[SOURCE MATERIAL]:
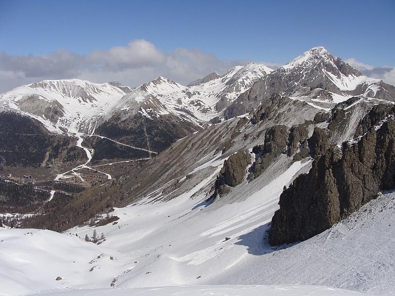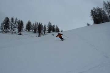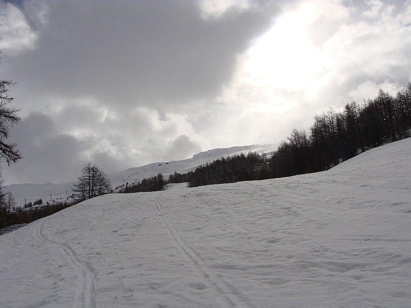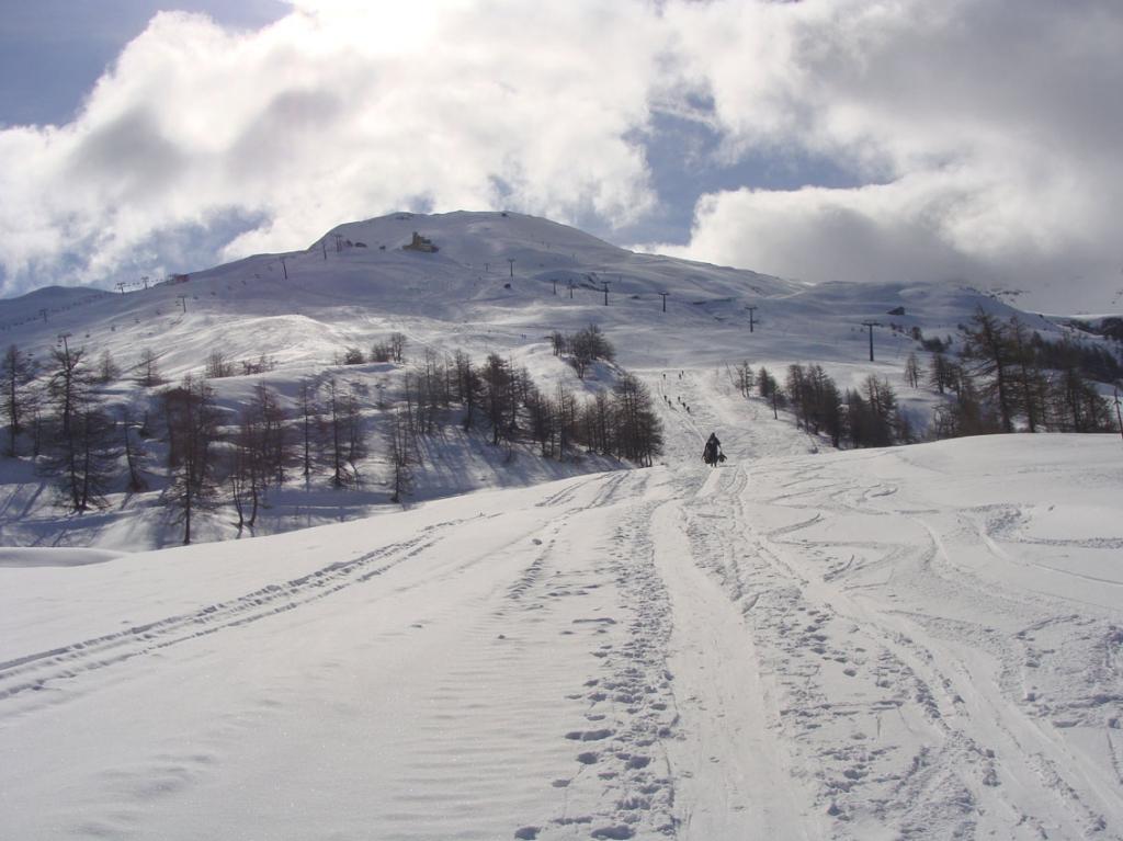 | fyplom | salita a sinistra delle seggiovie | fyplom | poco sotto la zona ristorante con vista del Viso | fyplom | sguardo indietro | fyplom | discesa sulle piste chiuse
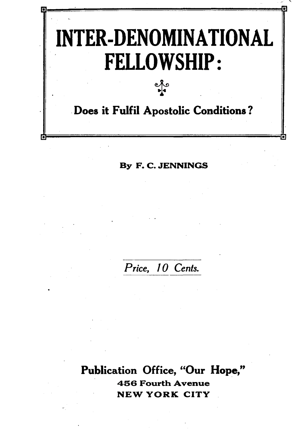 Inter-Denominational Fellowship: Does it fulfil Apostolic Conditions?
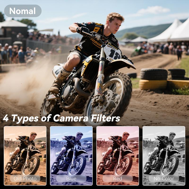 Preview footage in real time on the 1.3-inch color display. Instantly switch between 4 creative filter modes to add style to your videos—perfect for social media sharing.
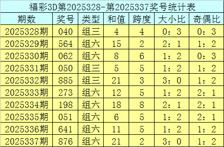 上期回顾:福利彩票3D第2025337期奖号为876。

[WHAT IS NEEDED]: Extract the full listing exactly, with the pictures left out.

[TASK SOLUTION]:
 | fyplom | salita a sinistra delle seggiovie | fyplom | poco sotto la zona ristorante con vista del Viso | fyplom | sguardo indietro | fyplom | discesa sulle piste chiuse
 Inter-Denominational Fellowship: Does it fulfil Apostolic Conditions?
 Preview footage in real time on the 1.3-inch color display. Instantly switch between 4 creative filter modes to add style to your videos—perfect for social media sharing.
 上期回顾:福利彩票3D第2025337期奖号为876。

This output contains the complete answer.